▶ _WHAT THIS TASK INVOLVES_
Please transcribe the data that follows without the pictures, keeping every word the same.
BEGIN
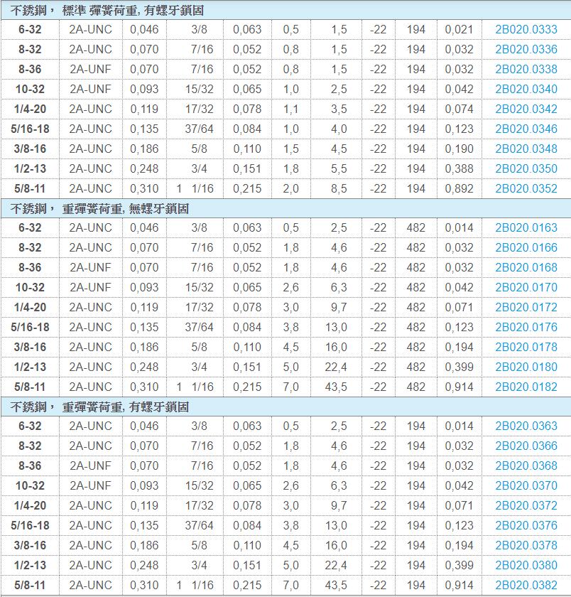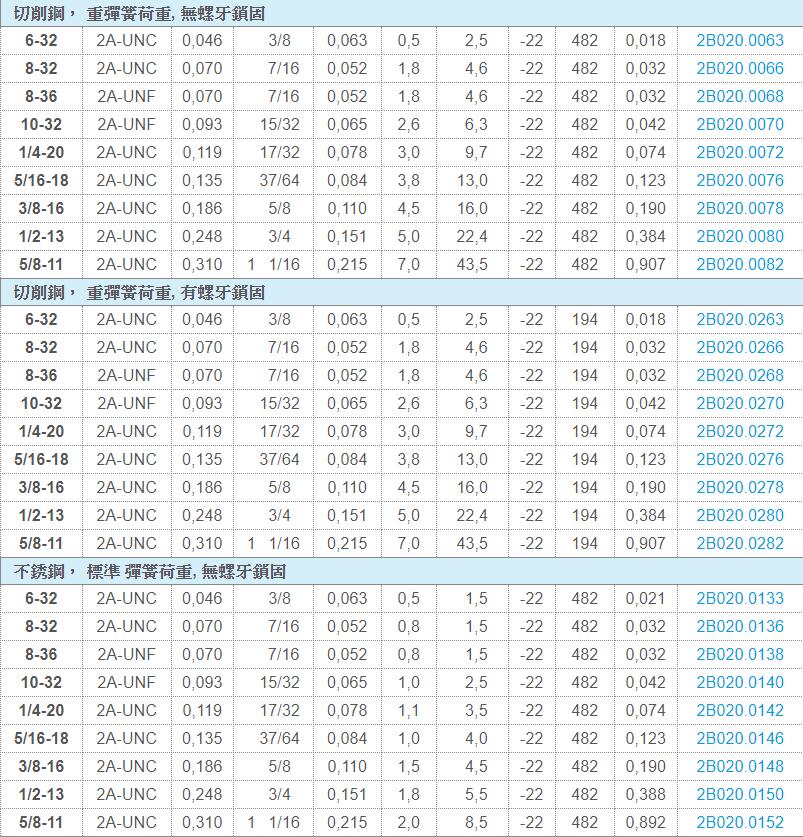 EH 2B020.带螺栓和槽 - 英吋(72种规格)
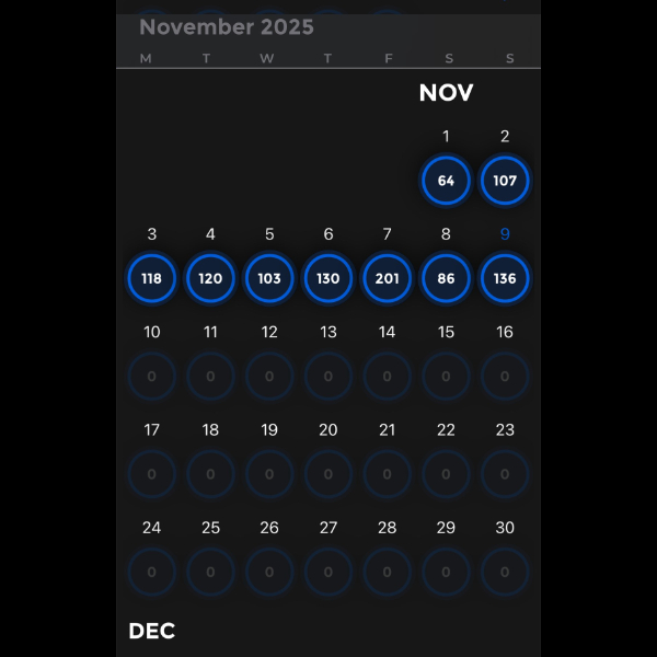Monday 17th Nov Feeling good and at 1895 as of Sunday. Goal was 1500, now going for 3000 💪🏻🎉 Share
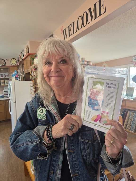 A smiling woman holds a sewing pattern for "Nesting Baskets" in a cozy quilt shop.
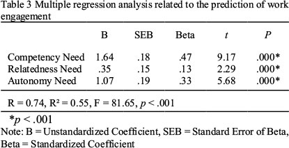 Multiple regression analysis was conducted to determine to what extent work-related basic need satisfaction with the subdimesions of competency need, relatedness need and autonomy need predict work engagement. Looking at the Table 3, it can be seen that the sub-dimensions of the work-related basic need satisfaction are significant predictors of work engagement R = 0.74, R2 = 0.55, Analysis of Variance (F) = 81.65, p < .001). When the relationships of the variables with work-engagement were evaluated one by one, it was seen that the "competency need" was the highest meaningful predictor of work engagement (β = .47; p = .000). The second highest meaningful predictor of work engagement was "autonomy need" (β = .33; p = .000). The lowest meaningful predictor of work engagement was found to be "relatedness need" (β = .13; p = .000). These results reveal that variation in the related dimensions of Table 3 explain 55% of variation in the work engagement. The cut-off criteria for determining the extent to which there is a multi-collinearity between the predictor factors utilized in regression analysis was related to the poor discriminant validity (Brown, 2006). The evidence, which signifies whether there is a poor discrimination between the predictor factors is that the correlations between the predictor factors must not exceed the determined cutoff point of .85 (Brown, 2006; Kline, 2005). In the present study, the correlations between the predictor factors are found to be below the cutoff point of .85 (see Table 2). This shows that there is no multi-collinearity between the predictor factors.
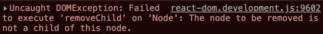其实也不需要手动改,你只需要右键开启翻译为中文就可以复现了。问题根源在于react提前把parentNode存起来了,所以操作的时候找不到子节点
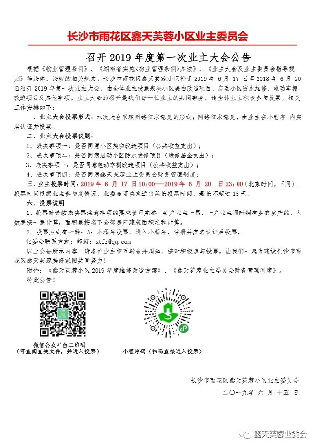 鑫天芙蓉召开2019年度第一次业主大会公告
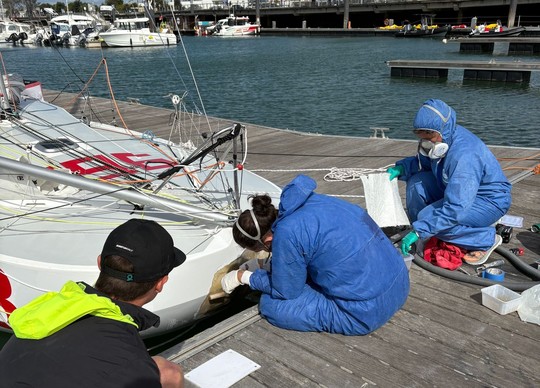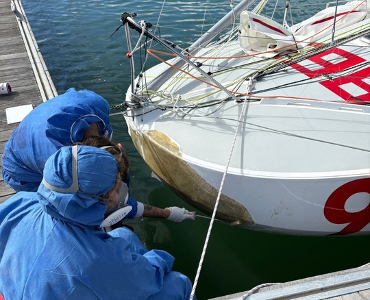 While Sophie Delannoy was able to set off again at 6.30pm, Gabriel's situation seemed more compromised. But this was without counting on the immediate mobilization of Victor Brodeur, composit boat builder at the SKAW shipyard, and Anne-Gaëlle Gourdin, who raced the last Mini. Without a moment's hesitation, they set to work at 5pm, putting in almost 24 hours of uninterrupted effort with barely 30 minutes' sleep.
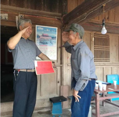 ▲慰問瀾滄縣上允鎮(zhèn)上允村水塘一隊老兵陳小友
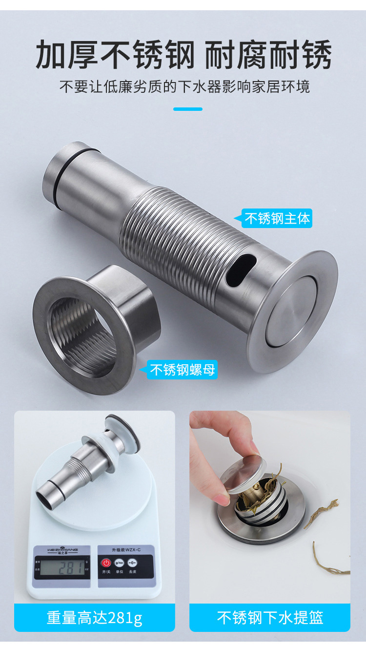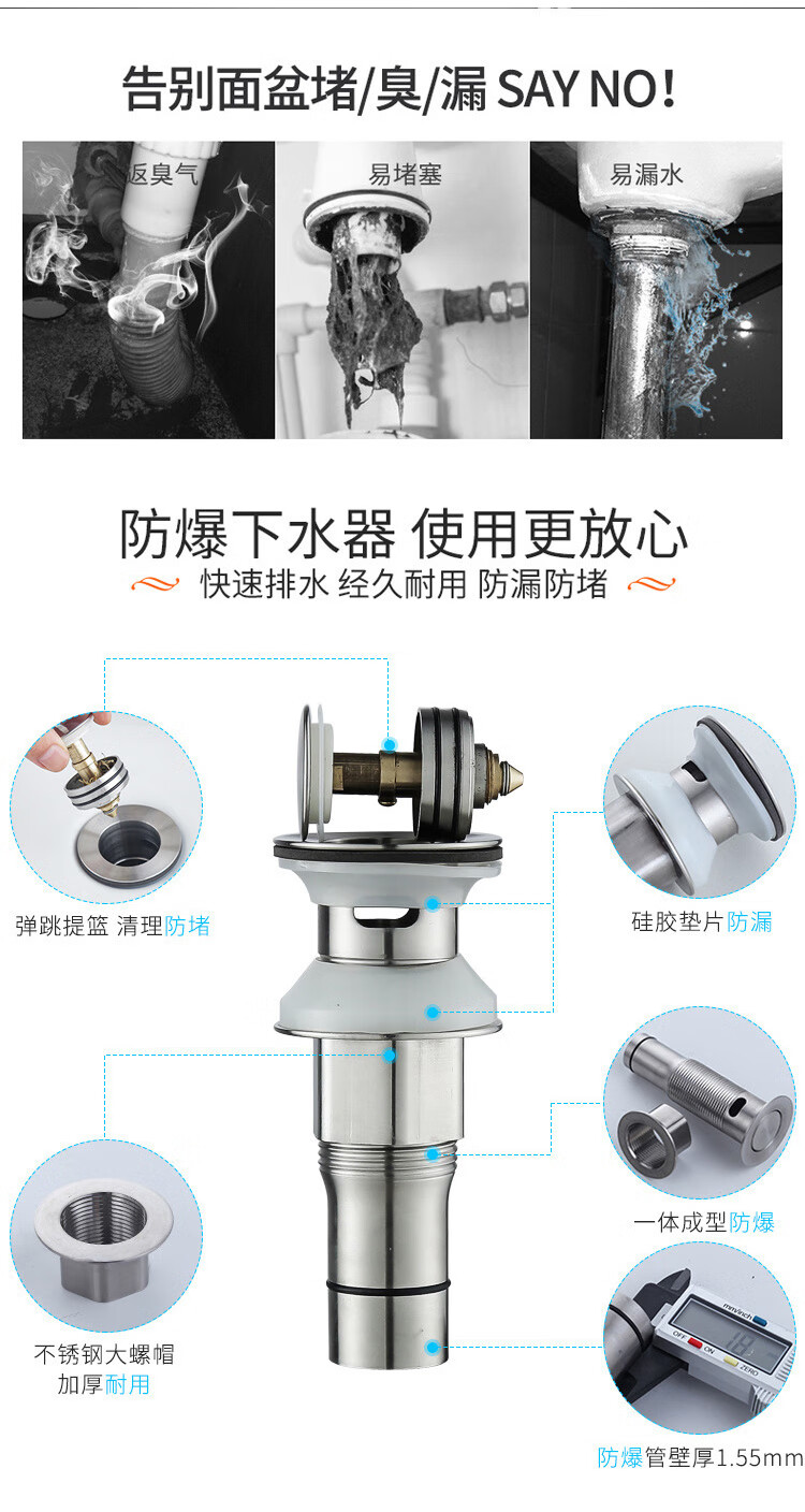 海斯迪克 面盆下水器 gnxy-15 弹跳无孔 1个
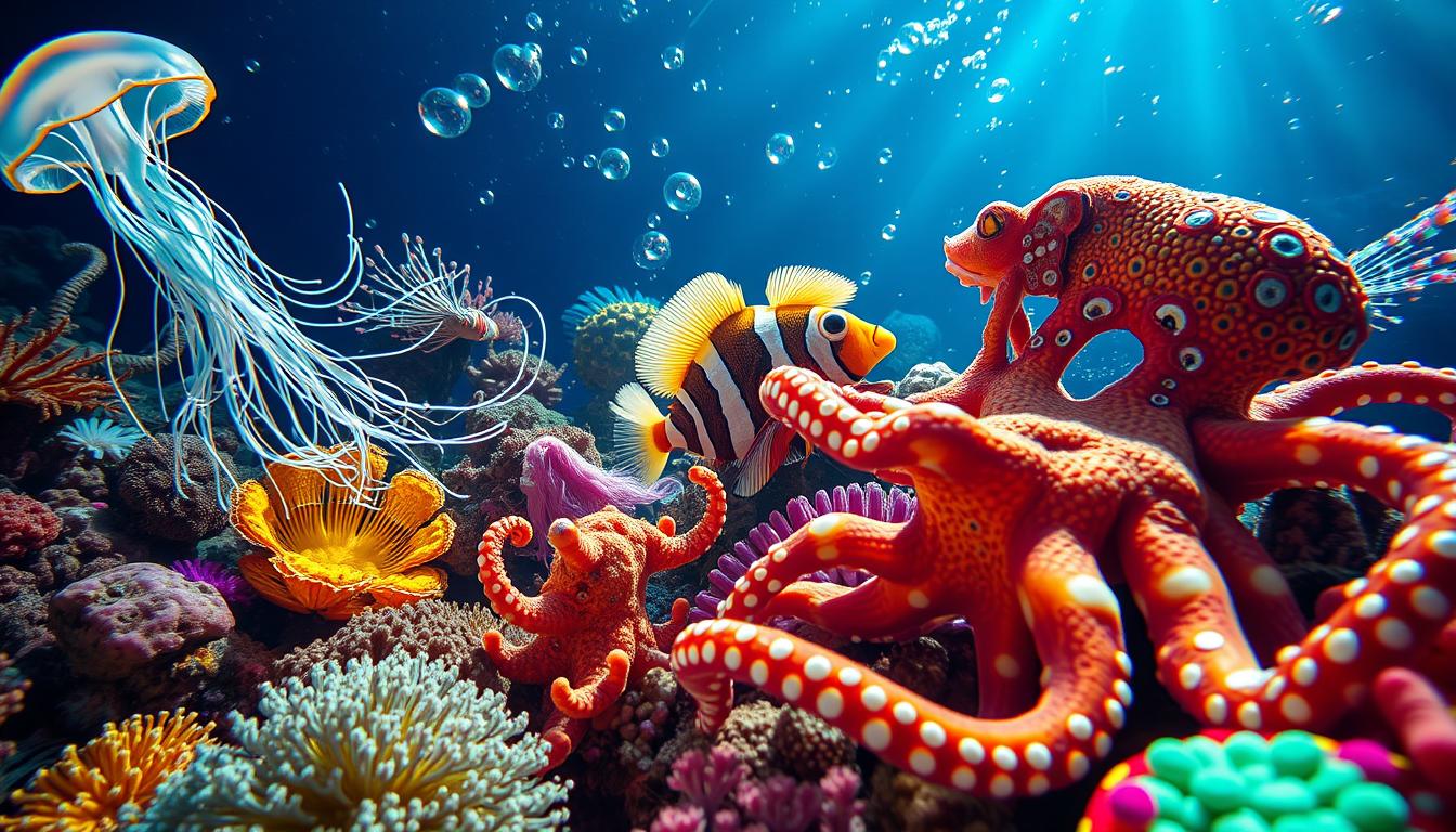 The ocean is a vast, mysterious place. It’s home to many ocean creatures that have evolved in amazing ways. From glowing depths to colorful reefs, the marine life diversity is incredible. Each species has unique traits to survive the changing tides.
END
▶ _RESPONSE TO THIS TASK_
 EH 2B020.带螺栓和槽 - 英吋(72种规格)
Monday 17th Nov Feeling good and at 1895 as of Sunday. Goal was 1500, now going for 3000 💪🏻🎉 Share
 A smiling woman holds a sewing pattern for "Nesting Baskets" in a cozy quilt shop.
 Multiple regression analysis was conducted to determine to what extent work-related basic need satisfaction with the subdimesions of competency need, relatedness need and autonomy need predict work engagement. Looking at the Table 3, it can be seen that the sub-dimensions of the work-related basic need satisfaction are significant predictors of work engagement R = 0.74, R2 = 0.55, Analysis of Variance (F) = 81.65, p < .001). When the relationships of the variables with work-engagement were evaluated one by one, it was seen that the "competency need" was the highest meaningful predictor of work engagement (β = .47; p = .000). The second highest meaningful predictor of work engagement was "autonomy need" (β = .33; p = .000). The lowest meaningful predictor of work engagement was found to be "relatedness need" (β = .13; p = .000). These results reveal that variation in the related dimensions of Table 3 explain 55% of variation in the work engagement. The cut-off criteria for determining the extent to which there is a multi-collinearity between the predictor factors utilized in regression analysis was related to the poor discriminant validity (Brown, 2006). The evidence, which signifies whether there is a poor discrimination between the predictor factors is that the correlations between the predictor factors must not exceed the determined cutoff point of .85 (Brown, 2006; Kline, 2005). In the present study, the correlations between the predictor factors are found to be below the cutoff point of .85 (see Table 2). This shows that there is no multi-collinearity between the predictor factors.
其实也不需要手动改,你只需要右键开启翻译为中文就可以复现了。问题根源在于react提前把parentNode存起来了,所以操作的时候找不到子节点
 鑫天芙蓉召开2019年度第一次业主大会公告
 While Sophie Delannoy was able to set off again at 6.30pm, Gabriel's situation seemed more compromised. But this was without counting on the immediate mobilization of Victor Brodeur, composit boat builder at the SKAW shipyard, and Anne-Gaëlle Gourdin, who raced the last Mini. Without a moment's hesitation, they set to work at 5pm, putting in almost 24 hours of uninterrupted effort with barely 30 minutes' sleep.
 ▲慰問瀾滄縣上允鎮(zhèn)上允村水塘一隊老兵陳小友
 海斯迪克 面盆下水器 gnxy-15 弹跳无孔 1个
 The ocean is a vast, mysterious place. It’s home to many ocean creatures that have evolved in amazing ways. From glowing depths to colorful reefs, the marine life diversity is incredible. Each species has unique traits to survive the changing tides.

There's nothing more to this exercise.